- Developer: IBM General Products Division (GPD)
- Working state: Discontinued
- Initial release: October 1965; 60 years ago
- Marketing target: IBM mainframe computers
- Available in: English
- Supported platforms: System/360
- License: Proprietary

= BOS/360 =

Early IBM System/360 operating system

Basic Operating System/360 (BOS/360) was an early IBM System/360 operating system.

== Origin ==
BOS was one of four System/360 Operating System versions developed by the IBM General Products Division (GPD) in Endicott, New York to fill a gap at the low end of the System/360 line when it became apparent that OS/360 was not able to run on the smallest systems. BPS (Basic Programming support) was designed to run on systems with a minimum of 8 KB of main storage and no disk. BOS was intended for disk systems with at least 8 KB and one 2311 disk drive. DOS and TOS were developed from BOS for systems with at least 16 KB and either disks (DOS) or tape drives only (TOS).

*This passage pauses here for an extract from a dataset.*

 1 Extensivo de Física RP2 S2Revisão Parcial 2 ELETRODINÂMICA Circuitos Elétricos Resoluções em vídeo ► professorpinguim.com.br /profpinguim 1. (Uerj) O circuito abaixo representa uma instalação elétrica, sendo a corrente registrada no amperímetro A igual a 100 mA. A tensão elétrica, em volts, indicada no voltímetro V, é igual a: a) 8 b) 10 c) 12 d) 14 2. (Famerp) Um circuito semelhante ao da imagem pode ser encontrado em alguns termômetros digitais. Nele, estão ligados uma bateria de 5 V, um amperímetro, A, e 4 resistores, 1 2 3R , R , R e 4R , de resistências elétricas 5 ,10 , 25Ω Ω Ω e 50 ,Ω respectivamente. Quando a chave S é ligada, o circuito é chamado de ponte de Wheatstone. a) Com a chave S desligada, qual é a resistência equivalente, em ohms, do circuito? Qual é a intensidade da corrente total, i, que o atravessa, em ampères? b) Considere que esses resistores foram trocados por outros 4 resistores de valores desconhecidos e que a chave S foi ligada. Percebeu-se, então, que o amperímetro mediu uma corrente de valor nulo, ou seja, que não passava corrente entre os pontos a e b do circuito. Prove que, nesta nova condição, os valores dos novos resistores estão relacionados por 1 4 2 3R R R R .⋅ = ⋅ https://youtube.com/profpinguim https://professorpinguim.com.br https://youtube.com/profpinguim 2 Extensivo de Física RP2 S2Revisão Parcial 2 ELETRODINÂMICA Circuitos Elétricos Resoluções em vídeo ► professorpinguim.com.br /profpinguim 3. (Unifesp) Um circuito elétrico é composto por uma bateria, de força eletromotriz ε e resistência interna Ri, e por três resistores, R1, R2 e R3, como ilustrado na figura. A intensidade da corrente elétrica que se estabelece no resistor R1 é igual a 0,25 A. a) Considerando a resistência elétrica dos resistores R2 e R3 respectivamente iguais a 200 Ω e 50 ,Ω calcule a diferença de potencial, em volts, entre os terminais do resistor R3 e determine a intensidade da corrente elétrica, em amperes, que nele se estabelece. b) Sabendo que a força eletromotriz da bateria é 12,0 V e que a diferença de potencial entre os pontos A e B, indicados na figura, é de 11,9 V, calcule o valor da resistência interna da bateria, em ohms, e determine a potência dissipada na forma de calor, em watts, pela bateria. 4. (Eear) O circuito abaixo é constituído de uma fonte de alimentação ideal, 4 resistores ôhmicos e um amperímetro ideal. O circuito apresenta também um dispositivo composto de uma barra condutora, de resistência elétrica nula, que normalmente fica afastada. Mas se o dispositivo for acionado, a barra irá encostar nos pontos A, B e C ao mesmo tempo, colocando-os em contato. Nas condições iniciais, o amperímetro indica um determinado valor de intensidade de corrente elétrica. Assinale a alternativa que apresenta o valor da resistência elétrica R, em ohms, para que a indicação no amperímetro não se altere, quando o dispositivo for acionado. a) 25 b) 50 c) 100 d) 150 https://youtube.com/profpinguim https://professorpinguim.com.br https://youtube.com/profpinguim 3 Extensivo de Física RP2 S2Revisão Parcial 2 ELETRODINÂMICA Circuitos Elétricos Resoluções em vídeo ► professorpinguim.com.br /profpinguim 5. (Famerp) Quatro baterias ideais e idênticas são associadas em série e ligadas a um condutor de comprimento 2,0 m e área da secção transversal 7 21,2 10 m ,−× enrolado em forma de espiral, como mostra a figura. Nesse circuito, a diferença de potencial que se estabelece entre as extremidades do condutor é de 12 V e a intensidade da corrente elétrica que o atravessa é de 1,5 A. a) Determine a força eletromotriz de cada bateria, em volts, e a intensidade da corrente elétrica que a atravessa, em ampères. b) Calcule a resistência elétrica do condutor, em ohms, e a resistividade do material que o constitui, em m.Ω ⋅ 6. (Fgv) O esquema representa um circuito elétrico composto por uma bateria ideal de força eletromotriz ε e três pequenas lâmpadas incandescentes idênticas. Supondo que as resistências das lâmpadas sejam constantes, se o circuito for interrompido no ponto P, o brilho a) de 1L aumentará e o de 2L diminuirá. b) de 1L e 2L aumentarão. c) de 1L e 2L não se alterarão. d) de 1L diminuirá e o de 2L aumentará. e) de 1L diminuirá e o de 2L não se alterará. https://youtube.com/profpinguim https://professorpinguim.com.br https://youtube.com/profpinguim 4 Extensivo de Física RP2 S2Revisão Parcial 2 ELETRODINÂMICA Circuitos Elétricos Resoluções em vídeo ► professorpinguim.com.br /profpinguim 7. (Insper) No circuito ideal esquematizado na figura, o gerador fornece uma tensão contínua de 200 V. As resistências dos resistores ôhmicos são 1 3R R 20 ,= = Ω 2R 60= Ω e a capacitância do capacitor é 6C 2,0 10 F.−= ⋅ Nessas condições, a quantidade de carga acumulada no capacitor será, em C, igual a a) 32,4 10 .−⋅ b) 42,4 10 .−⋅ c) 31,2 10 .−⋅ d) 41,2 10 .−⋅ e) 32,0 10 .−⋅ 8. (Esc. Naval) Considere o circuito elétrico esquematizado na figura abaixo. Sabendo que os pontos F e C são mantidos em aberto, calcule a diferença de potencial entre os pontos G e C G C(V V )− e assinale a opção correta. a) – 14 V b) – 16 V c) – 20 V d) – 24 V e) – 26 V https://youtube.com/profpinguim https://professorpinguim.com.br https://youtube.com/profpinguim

BOS was released in October 1965, nearly two years before OS/360, thus BOS was the only disk based operating system available at launch for a machine that was marketed as disk based.

== Components ==
BOS consisted of the following components:
- Control programs:
  - The supervisor.
  - Job control capable of running jobs sequentially from the card reader.
  - The IPL loader.
- System Service Programs:
  - The Linkage Editor.
  - The Librarian, supporting a core-image library, and optionally a macro library and a relocatable library.
  - The "Load System Program," a sysgen program to build a disk-resident BOS system from cards.
- IBM-supplied processing programs which could be installed with BOS:
  - Language translators, an Assembler and an RPG compiler. Compilers for FORTRAN IV and COBOL were added later.
  - Autotest, a debugging aid.
  - Sort/Merge.
  - Utility programs for file-to-file copy between devices and formats.
  - Remote Job Entry allowing the BOS system to submit jobs to a remote System/360 and receive output.
- Data Management, consisting of supervisor support for Physical IOCS, and macros for Logical IOCS which could be incorporated into the user's processing programs.

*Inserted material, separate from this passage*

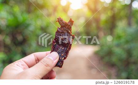 Hand holds piece of beef jerky during hiking break, with blurred nature background and sunlight filtering through trees

== IBM 1070 Process Communication Supervisor ==
The IBM 1070 Process Communication Supervisor was a dedicated process control system that ran as an extension under BOS "Relying on the BOS supervisor to handle ordinary physical and logical I/O operations (i. e., for cards, disk, etc.), the PC supervisor is specialized to the process control aspects of the user's program."